No there is not an official form......
Search the forum and you will find format for stat declaration/reference.....


----------



## lifeisgood (Mar 30, 2010)

navendum said:


> Hey! Pal,
> 
> I need a sample Statutory Declaration made in past, for the ICT Business Analyst .
> 
> ...


i think there is a senior expat "happ" who is a BA..I read it in his time line..not sure..but check it out..


----------



## Alan H (Nov 9, 2011)

lifeisgood said:


> i think there is a senior expat "happ" who is a BA..I read it in his time line..not sure..but check it out..


Thanks man really appreciate it


----------



## MaddyOZ (Aug 16, 2011)

Alan - my ANZSCO code is BA too. 

Let me know, if you need any help... Cheers...


----------



## Alan H (Nov 9, 2011)

MaddyOZ said:


> Alan - my ANZSCO code is BA too.
> 
> Let me know, if you need any help... Cheers...

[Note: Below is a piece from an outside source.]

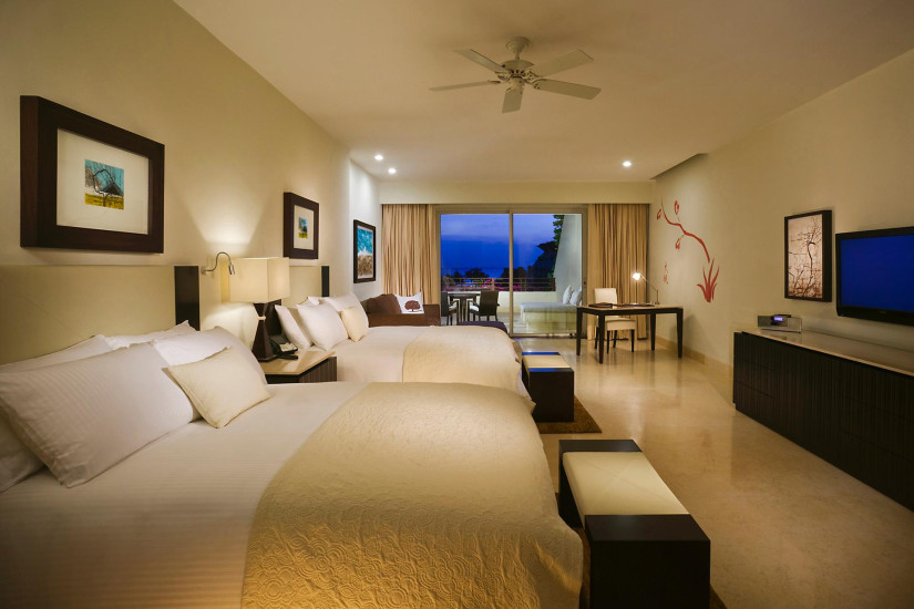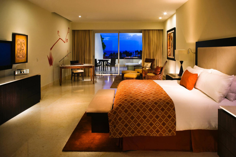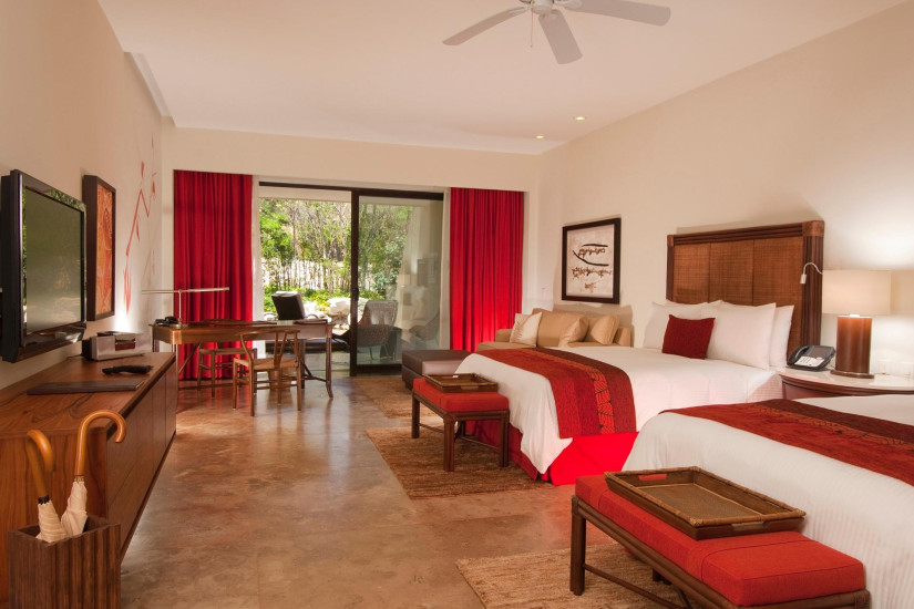- 110 м2. Состоит из спальни с кроватью king-size или двумя кроватями queen-size, зоны отдыха и рабочей зоны, ванной комнаты с гидромассажной ванной и отдельным душем, просторной террасы с панорамным видом на джунгли Ривьера Майя. Максимальное размещение - 3 взрослых + 2 ребенка (4-15 лет и 0-3 года).

Wow talk about good luck. Well I am about to start putting together my 2 project documents and I was wondering if maybe you could share yours with me, just so I could see the format.

Alan


----------



## MaddyOZ (Aug 16, 2011)

Alan H said:


> Wow talk about good luck. Well I am about to start putting together my 2 project documents and I was wondering if maybe you could share yours with me, just so I could see the format.
> 
> Alan


Are u gng vide RPL route? In another thread i have mentioned some links through which you can frame your statements in the document.

Please check.

Cheers.


----------



## lifeisgood (Mar 30, 2010)

Alan H said:


> Wow talk about good luck. Well I am about to start putting together my 2 project documents and I was wondering if maybe you could share yours with me, just so I could see the format.
> 
> Alan


you are in good hands Alan...
Maddyoz will guide you on just about everything..


----------



## Alan H (Nov 9, 2011)

MaddyOZ said:


> Are u gng vide RPL route? In another thread i have mentioned some links through which you can frame your statements in the document.
> 
> Please check.
> 
> Cheers.


Yes I an going the RPL route with employer references, 2 projects and CV
Great which post can I look at for that info

Alan.


----------



## MaddyOZ (Aug 16, 2011)

Alan H said:


> Yes I an going the RPL route with employer references, 2 projects and CV
> Great which post can I look at for that info
> 
> Alan.


Chk ur thread on OZ work experience. I have given the relevant links...

Cheers...

Sent from my ipad using Expat Forum


----------



## Martyshka (Dec 15, 2011)

Thanks! Will look it up!


----------